▶ [AIM OF THE TASK]
Copy out the listing that follows exactly, dropping every picture.

▶ [STORED DATA]
◇ ◇ ◇ ◇

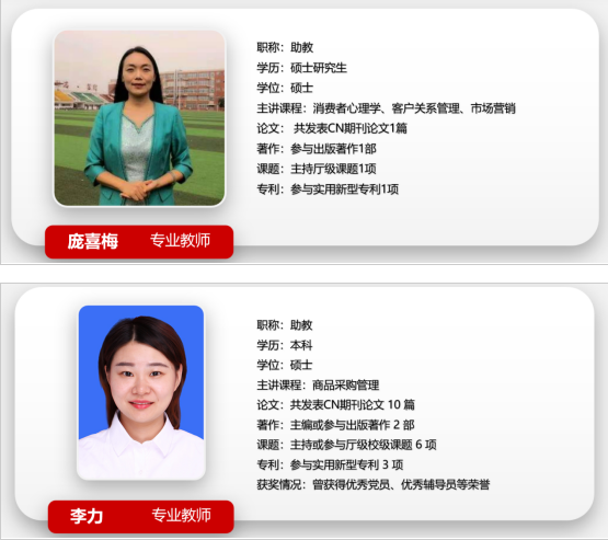 电子商务专业目前专兼职教师有44人,研究生层次的达70%,双师型教师比例达80%;教师实践能力较强,拥有电子商务师、物流师、人力资源管理师、营销师等,并且顺应教育需求,80%的教师考取了各专业的1+X职业技能等级证书等。电子商务教师团队完成行业企业课题10余项,指导学生积极参加技能大赛和创新创业大赛,并屡获佳绩。与此同时,老师们也在不断的学习、培训,及时更新知识技能,以便向学生传授行业最新的知识、技能。
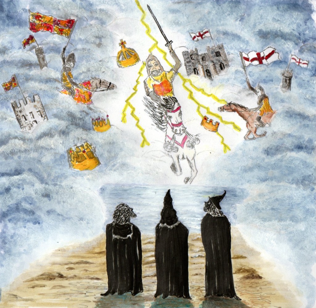 “Being so warm for a change laying on my comfortable cot snuggled under sheepskins, it was not long before deep sleep opened yet another dreamscape. I saw vague images all around me, fading in and out of view. I was standing on a crag, a precipice of rock high in the mountains, my eyes seeking clarity towards valleys way off in the distance. In no time at all my vantage point flew closer to the valley and I seemingly hovered above a never-ending procession of soldiers wearing emblems and sporting banners of the English. As I looked down upon the scene below me, mounted heavily armed knights and infantry with pikes and longbows, line after line of them marching ever onwards in clouds of dust. My mind intuited a retinue of over two thousand men. This was a force to be reckoned with, but their progress appeared slowed by unfriendly terrain and frequent heavy downpours. I couldn’t help thinking their slow pace was a good thing. It was clear I was dreaming and seeing the approaching invaders discussed earlier with Owain. But who is leading them, who is in charge? That I did not know. My senses shifted and suddenly I was aware of hovering over Pilleth. I recognised the rolling hills and the church but away to my right Bryn Glas stood green and majestic with woods and forest rising up the sides of the valley. Suddenly my intuition exploded in colourful visions of our men with longbows stood at the top of the hill and secreted in the woods lining the valley. The visions faded and suddenly I awoke, back in my cot. Reaching across to the table at the side of my bed and grabbing a sheet of parchment, filling my quill I quickly wrote down the details of the dream. This dream was definitely prophetic in nature and Owain must be informed. Could this be the strategy we needed to defeat the English? ”
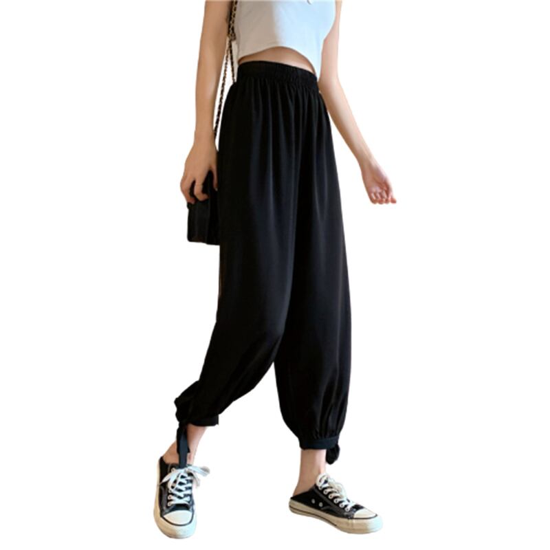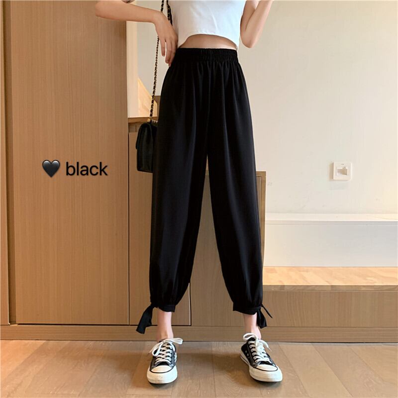 パンツ レディースサマー薄手ウェストブラックカジュアルハイウェスト 夏物 ショーツ ブルマー シルク 1号婦人96768824745
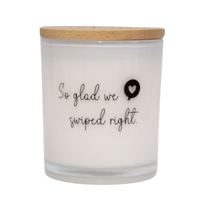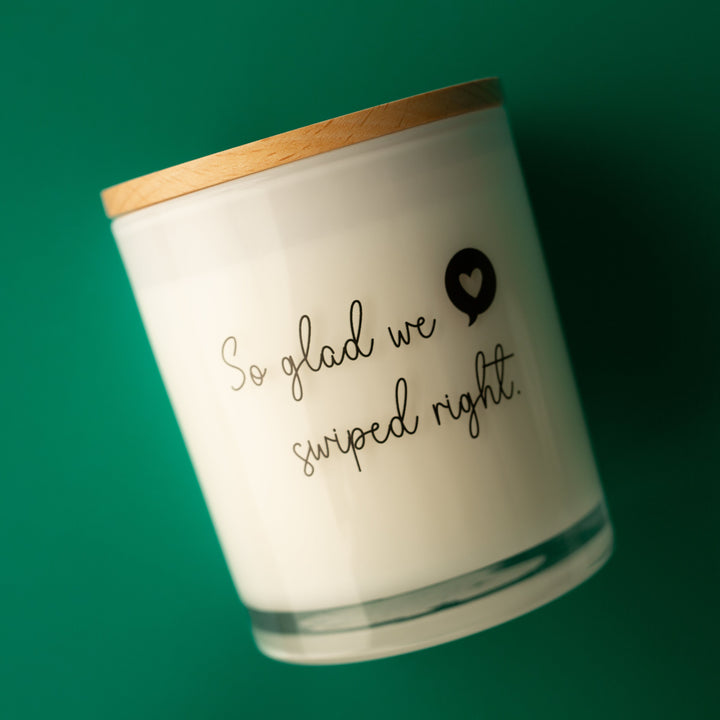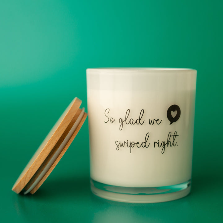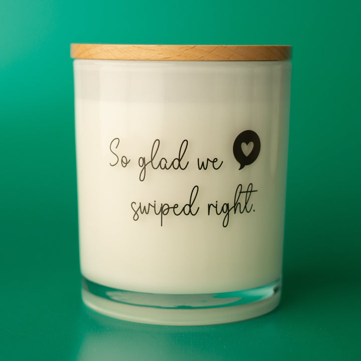 This printed candle reads "So glad we swiped right". This featured print is sweet, simple and perfect for any occasion but especially for Valentine's Day. Gift this to that special someone you 'swiped right' on.

◇ ◇ ◇ ◇

▶ [SOLUTION TO THE PROBLEM]
 电子商务专业目前专兼职教师有44人,研究生层次的达70%,双师型教师比例达80%;教师实践能力较强,拥有电子商务师、物流师、人力资源管理师、营销师等,并且顺应教育需求,80%的教师考取了各专业的1+X职业技能等级证书等。电子商务教师团队完成行业企业课题10余项,指导学生积极参加技能大赛和创新创业大赛,并屡获佳绩。与此同时,老师们也在不断的学习、培训,及时更新知识技能,以便向学生传授行业最新的知识、技能。
 “Being so warm for a change laying on my comfortable cot snuggled under sheepskins, it was not long before deep sleep opened yet another dreamscape. I saw vague images all around me, fading in and out of view. I was standing on a crag, a precipice of rock high in the mountains, my eyes seeking clarity towards valleys way off in the distance. In no time at all my vantage point flew closer to the valley and I seemingly hovered above a never-ending procession of soldiers wearing emblems and sporting banners of the English. As I looked down upon the scene below me, mounted heavily armed knights and infantry with pikes and longbows, line after line of them marching ever onwards in clouds of dust. My mind intuited a retinue of over two thousand men. This was a force to be reckoned with, but their progress appeared slowed by unfriendly terrain and frequent heavy downpours. I couldn’t help thinking their slow pace was a good thing. It was clear I was dreaming and seeing the approaching invaders discussed earlier with Owain. But who is leading them, who is in charge? That I did not know. My senses shifted and suddenly I was aware of hovering over Pilleth. I recognised the rolling hills and the church but away to my right Bryn Glas stood green and majestic with woods and forest rising up the sides of the valley. Suddenly my intuition exploded in colourful visions of our men with longbows stood at the top of the hill and secreted in the woods lining the valley. The visions faded and suddenly I awoke, back in my cot. Reaching across to the table at the side of my bed and grabbing a sheet of parchment, filling my quill I quickly wrote down the details of the dream. This dream was definitely prophetic in nature and Owain must be informed. Could this be the strategy we needed to defeat the English? ”
 パンツ レディースサマー薄手ウェストブラックカジュアルハイウェスト 夏物 ショーツ ブルマー シルク 1号婦人96768824745
 This printed candle reads "So glad we swiped right". This featured print is sweet, simple and perfect for any occasion but especially for Valentine's Day. Gift this to that special someone you 'swiped right' on.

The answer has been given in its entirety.